Happy End in Entführungs-Fall

Der "bleiche Heinrich" ist wieder da

03. August 2020 - 9:48 Uhr

Spektakuläre Befreiung

Er ist wieder da! Anfang der Woche kam es in Fürth zu einem Entführungs-Fall der besonderen Art. Das beliebte Plastik-Skelett der "bleiche Heinrich", das im Ort von Bank zu Bank wanderte und von den Einwohner gerne besucht wurde oder als Foto-Partner diente, war plötzlich gekidnappt worden. Die Entführer forderten ein Lösegeld in Höhe von 1000 Euro für die örtliche Kita. Die Gemeinde zahlte bereitwillig, um dafür ihren Heinrich schnell wieder in die Arme schließen zu können. Und endlich war es so weit, die Fürther erhielten ihren gerippten Mann zurück.

Wie spektakulär die Freigabe von Heinrich war, sehen Sie im Video.

Entführer: "Es ist alles ohne Planung entstanden. Das war aus der Spontanität heraus."

Mit einem Fallschirm landet Heinrich auf einer Wiese und der ganze Ort jubelt dem Skelett zu. Mit dabei sind auch die Entführer des knochigen Mannes, die sich endlich kenntlich zeigen und vor den Augen aller Schaulustiger demaskiert werden. Es stellt sich raus: Es sind zwei Anwohner aus Fürth, die niemand unter Verdacht hatte.

Erpresser bedanken sich per Brief bei den Spendern

"Liebe Spender, vielen Dank für Eure zahlreichen Spenden. Nun habt ihr Heinrich wieder und könnt Selfies mit ihm machen. Wir führten nichts böses im Schilde, uns ging es alleine um den guten Zweck", heißt es in dem Brief von den Erpressern.

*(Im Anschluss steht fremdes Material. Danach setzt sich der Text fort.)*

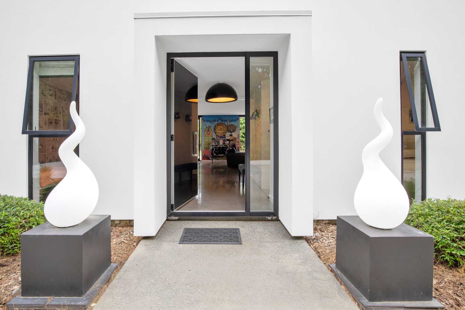 Included in the sale: Fixed Floor coverings. Window coverings. Light fittings. Stove. Hob/Cooktop. Oven. Garden shed. Dishwasher. Heat pump. Range hood. Heated towel rails. Alarm system. TV aerial. Garage door openers. Shelving. Spa pool. Refrigerator. Light shades. Freezer. LED Light Bulbs. Blinds. Curtains. Sky Dish. Gas fire. Intergrated sound system with 18 speakers indoor and outdoor. Electric gate. Underfloor heating. Six smart wall mounted TVs.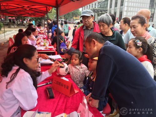 活动现场,来自市二院及其他四家医疗机构的医务人员们在活动特设的医疗服务区开展义诊宣教。眼科医师利用简单的检查仪器为前来参加活动的孩子及家长们进行眼科检查,并接受咨询。志愿者们还为孩子们送上了精美的视力表和爱眼手册,宣传爱眼知识,提高人们的爱眼意识。一上午的时间,义诊台前的人一直络绎不绝,眼科医师耐心细致地解答着每一个咨询的问题,市二院眼科医师专业的建议和优质的服务得到了大家的一致好评。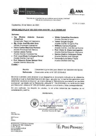La Autoridad Nacional del Agua aprueba los “Lineamientos generales para determinar caudales ecológicos”, asi mismo deroga la “Metodología para determinar caudales ecológicos”, aprobada con la Resolución Jefatural N° 154-2016-ANA y su rectificación dada por Resolución Jefatural N° 206-2016-ANA.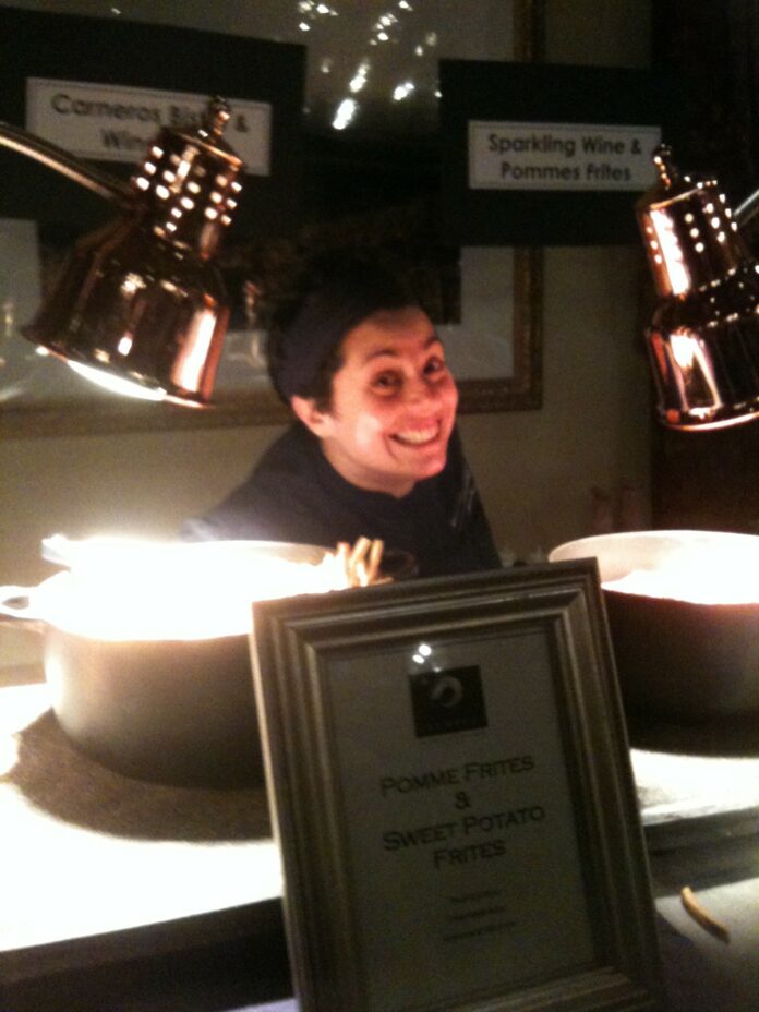 The best way to enjoy these kinds of events is with a friend, be they a spouse, lover, blind date or, as I did, with a girlfriend. Drifting from table to table, waiting patiently if your companion can’t have the cheese at that table but can definitely have the beef at that one, Vinolivo featured a live jazz soundtrack, plenty of people-watching, great homemade fries courtesy of Carneros chef Janine Falvo (above), plenty of good sparkling wine to match the frites and an easy way to swan around eating small bites while drinking great wines and chatting.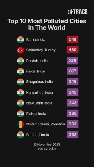 Η πρωτεύουσα Νέο Δελχί, ως συνήθως, βρίσκεται στην κορυφή. Ο δείκτης ποιότητας του ατμοσφαιρικού αέρα (AQI) διαμορφώθηκε στο 420, γεγονός που τοποθετεί την πόλη στην κατηγορία «επικίνδυνη», σύμφωνα με τον ελβετικό όμιλο IQAir.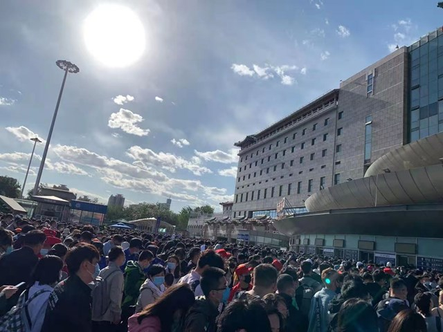 更糟糕的是,地铁站、公交车站、自驾车道不断涌入更多的人,加入这一庞大的进站队伍。天气预报显示,5月1日,北京晴间多云,最高温度23℃,阵风六级。但是多名受访者向第一财经记者回忆,在当天拥挤的人潮和持续的曝晒下,体感不适,燥热难当。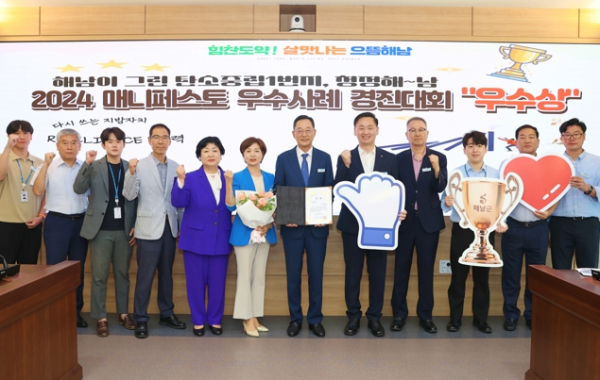 [남도저널 김승귀 기자] 해남군이 한국매니페토실천본부에 주관한 ‘2024 전국 기초단체장 매니페스토 우수사례 경진대회’기후환경생태분야 우수상을 수상했다.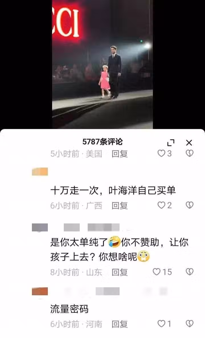 葉海洋被曝花20萬讓混血女兒迪奧走秀,網友質疑:孩子沒爸感覺不正常!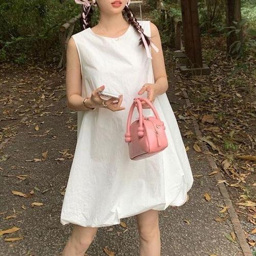 [에이치플러스몰]민소매 밑단 볼륨 러블리 미니 원피스
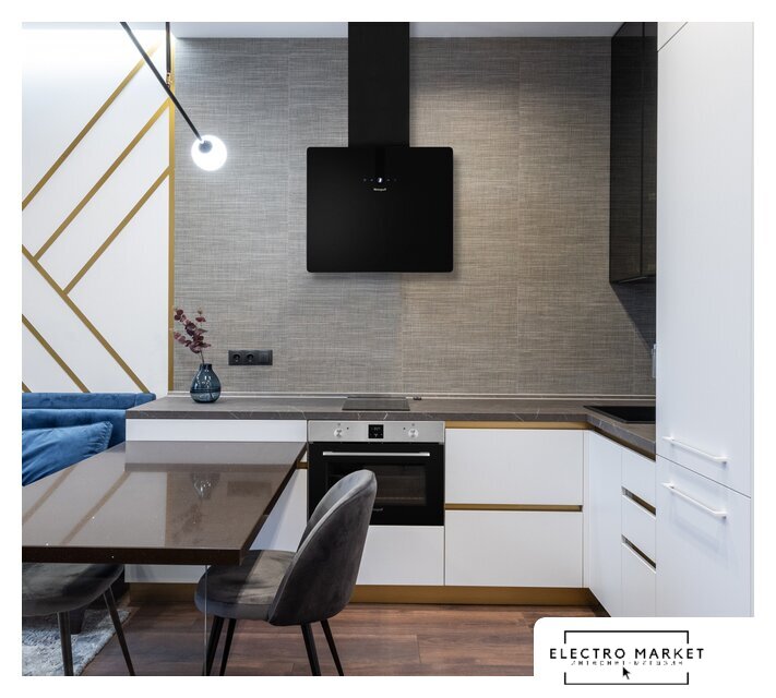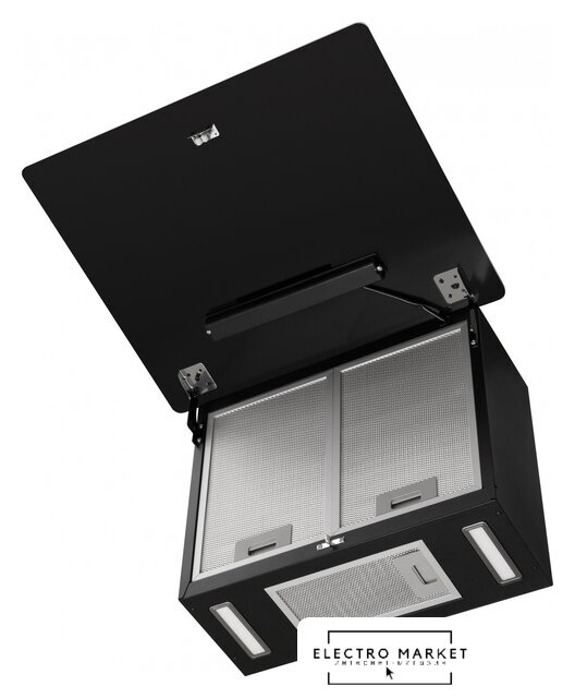 конструкция скрытая, монтаж для встраивания, ширина 59.6 см, управление сенсорное/жестами, производительность мотора 1200 м³/ч, цвет черный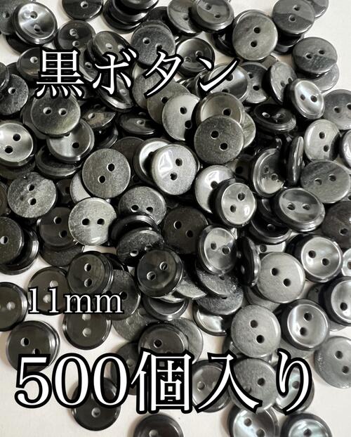 黒ボタン 11mm 2つ穴 シャツボタン 黒色ボタン 500個入り

Diese stellen sich im weiteren Verlauf des Schreibens auch noch als Besitzer von Heinrich heraus. "Aus einer Schnaps-Idee heraus", so die Entführer,  wollten sie das Skelett eigentlich eine halbe Stunde auf einer Bank aussetzen, doch bereits nach wenigen Minuten erregte der "bleiche Heinrich" so viel Aufmerksamkeit, dass sie Heinrich zur Wohltat der Kita als Druck-Mittel einsetzten.